Pedestrian individual segmentation method and device

Technical Field

The invention relates to the technical field of computer vision and pattern recognition, in particular to a pedestrian individual segmentation method and device based on the combination of the thickness and the granularity of a full convolution neural network.

Background

The pedestrian individual segmentation problem is one of the most important problems in the fields of scene understanding, biological feature recognition and the like. Most of the traditional pedestrian segmentation methods require that other pedestrians cannot be contained in the background, and the segmentation result is obtained by distinguishing the difference between the human body and the environment. However, in an actual scene, there are a lot of cases where pedestrians are shielded from each other, and at this time, the conventional pedestrian segmentation method cannot obtain a satisfactory result. The problem can be partially solved by combining individual detection and pedestrian segmentation, but the individual detection is time-consuming and serious, and in many cases, even if the individual position is accurately detected, a perfect individual segmentation result cannot be obtained due to the fact that a plurality of pieces of human body information are contained in the region. The method for combining the fineness and the granularity can better solve the problem.

Disclosure of Invention

Aiming at the problems encountered in individual pedestrian segmentation in the prior art, the invention utilizes a coarse-grained segmentation model to shield other pedestrians appearing in the background in a mode of combining the coarse-grained segmentation model and a fine-grained segmentation model, and performs fine segmentation on the basis by using the fine-grained model to obtain the individual segmentation result. Firstly, training a coarse-grained human-shaped contour segmentation model of a multilayer full-convolution neural network by utilizing a large number of human-shaped images with marks; then, the human figure segmentation results of all images are obtained by utilizing the coarse-grained human figure contour segmentation model, and the background area on the images is subtracted (namely, the corresponding pixels are set to be 0) according to the segmentation results, so that the background area is used as the input of a fine-grained segmentation model; and finally, training a fine-grained human-shaped segmentation model by using the image of the shielding background as input and the fine human-shaped mark as supervision information.

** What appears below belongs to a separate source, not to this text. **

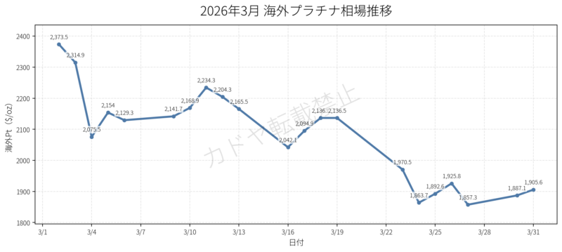 結果として、2026年3月の海外プラチナ相場は次のような推移となりました。

In order to achieve the above object, a first aspect of the present invention provides a pedestrian individual segmentation method, including:

carrying out pedestrian segmentation on the image to be processed by utilizing a pre-trained coarse-grained human-shaped contour segmentation model to obtain a block segmentation result; the block segmentation image comprises a plurality of blocks marked as a background and a foreground, wherein the blocks marked as the background do not contain a pedestrian body, and the blocks marked as the foreground contain partial images of the pedestrian body;

removing a background image in a part corresponding to the blocked pedestrian segmentation result in the image to be processed to obtain a coarse-grained segmentation image;

inputting the coarse-grained segmentation image into a pre-trained fine-grained human-shaped contour segmentation model;

the coarse-grained human-shaped contour segmentation model and the fine-grained human-shaped contour segmentation model are obtained through full convolution neural network training.

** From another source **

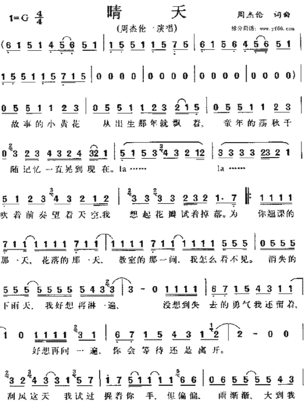 晴天简谱-周杰伦-送给少年时代的我们1

The first full convolution neural network corresponding to the coarse-grained human-shaped contour segmentation model comprises a plurality of convolution layers and an anti-convolution layer; the second full convolution neural network corresponding to the fine-grained human-shaped contour segmentation model comprises a plurality of convolution layers and a plurality of anti-convolution layers, and the plurality of convolution layers and the plurality of anti-convolution layers are in centrosymmetric structures and combined into a funnel shape.

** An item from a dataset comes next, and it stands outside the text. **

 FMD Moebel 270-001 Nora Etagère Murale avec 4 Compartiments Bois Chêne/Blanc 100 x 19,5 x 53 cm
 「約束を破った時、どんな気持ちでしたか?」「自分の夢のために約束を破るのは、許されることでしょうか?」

The method also comprises a training step of the coarse-grained human-shaped contour segmentation model, which comprises the following steps:

carrying out blocking processing on training samples with pedestrian marks in the training data set to obtain blocking processing results of the training samples;

normalizing training samples for training to be uniform in size, and then sending the normalized training samples into a first full convolution neural network corresponding to a coarse-grained human-shaped contour segmentation model;

comparing the block segmentation result output by the coarse-grained human-shaped contour segmentation model with the block processing result of the corresponding training sample to obtain a prediction error;

and reducing the prediction error by adopting a back propagation algorithm and a random gradient descent method to train a first full convolution neural network corresponding to the coarse-grained human-shaped contour segmentation model, and performing repeated iterative training to obtain a final coarse-grained human-shaped contour segmentation model.

The method also comprises a training step of the fine-grained human-shaped contour segmentation model, which comprises the following steps:

inputting training samples with pedestrian marks in a training data set into a trained coarse-grained human-shaped contour segmentation model to obtain a block segmentation result;

subtracting the background image in the corresponding part of the block segmentation result in the training sample to obtain a coarse-grained segmentation image;

normalizing the coarse-grained segmentation image to a uniform size;

sending the normalized coarse-grained segmentation image into a second full convolution neural network corresponding to the fine-grained human-shaped contour segmentation model;

comparing the fine segmentation result output by the second full convolution neural network with the fine segmentation marking result of the corresponding training sample to obtain a second prediction error;

and reducing a second prediction error by adopting a back propagation algorithm and a random gradient descent method to train a second full convolution neural network corresponding to the fine-grained human-shaped contour segmentation model, and performing repeated iterative training to obtain a final fine-grained human-shaped contour segmentation model.

The monitoring information of the coarse-grained human-shaped contour segmentation model is a segmentation mark for blocking processing, and is used for shielding the background in the image.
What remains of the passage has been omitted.